It's been around since before man first walked across the earth. It's all around us, yet we hardly ever give a conscious thought. It plays one of the most critical roles in everything from our every day lives to holding the entire universe together. So what is it? It's gravity, of course. And ever since Newton shed the first significant amount of light on it, it has been viewed as the force that pulls us and keeps us on the surface of the planet, that keeps us spinning around the sun, and that helps to maintain the orderly movement of the cosmos. So, what's the point? The point is that this force has always been seen as hindering man's struggle to reach space, as being an obstacle that must be overcome in order to reach new boundaries. But I don't believe that it has to be this way. I believe that this force can be used to our advantage. Just as humans have discovered time and time again throughout history, we can use this obstacle to our advantage. I propose that instead of constantly trying to invent better methods of propulsion to overcome gravity's effects, instead we can use gravity as a means of propulsion in a space vehicle.

Before we can even contemplate this idea, though, we need to have a fairly firm grasp on what gravity actually is.
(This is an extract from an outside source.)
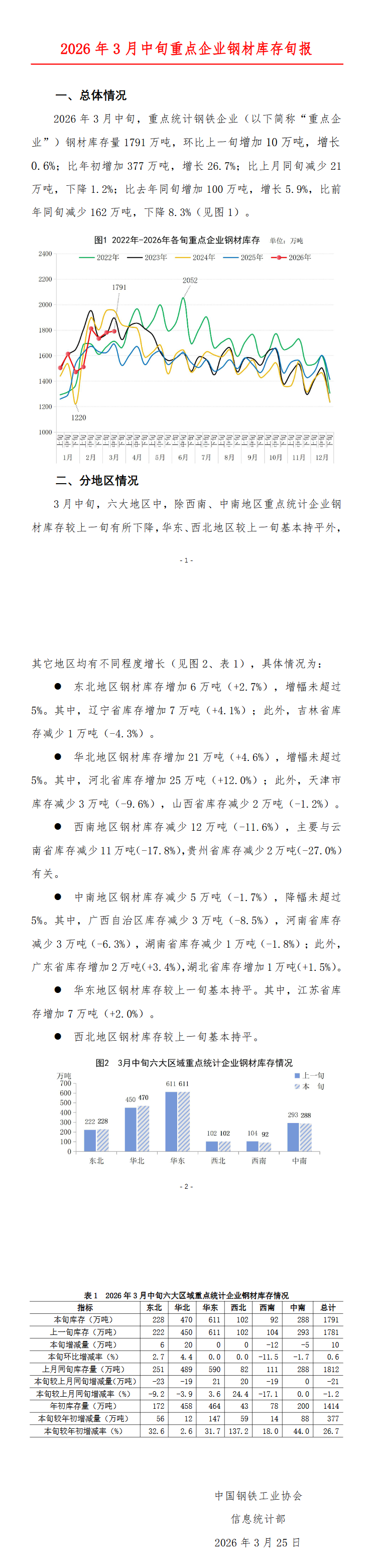 2026年3月中旬,重点统计钢铁企业钢材库存量1791万吨,环比上一旬增加10万吨,增长0.6%;比年初增加377万吨,增长26.7%;比上月同旬减少21万吨,下降1.2%;比去年同旬增加100万吨,增长5.9%,比前年同旬减少162万吨,下降8.3%。

In the shortest and simplest definition possible, gravity is the force that results from the warping of space-time. Space-time is what many scientists have deemed "the fabric of space." It is every where. If the universe were a magnificent oil painting, then space-time would be the canvas on which it was painted. But do not let this comparison throw you, because just as the spatial universe is three-dimensional, likewise, space-time, in relation, is an invisible fluid in which all matter is suspended. And just as water is displaced and pushed aside by objects submersed in it, any and all objects in space-time, which is everything, warps the space around it. This is where gravitational forces occur. The warping of space around an object creates a kind of sunken region, or a well in which other objects with less mass or density are drawn to. A way to picture this in your mind would be if you were to place a bowling ball in the center of a trampoline and several tennis balls in various locations around it. You would find that all of the tennis balls would be drawn towards the bowling ball because it is larger, denser, and therefore, creates a greater dip. Once again though, you must expand your view of this example. The dip created by the bowling ball on the trampoline only represents one horizontal plane in which space-time is warped, and space-time is all encompassing, meaning that this warping occurs at an infinite amount of planes in any relation to the object. So, in other words, the bowling ball creates a dip in a horizontal trampoline, a vertical trampoline, and an infinite number of other trampolines that all have different pitches around a spatial three-dimensional axis.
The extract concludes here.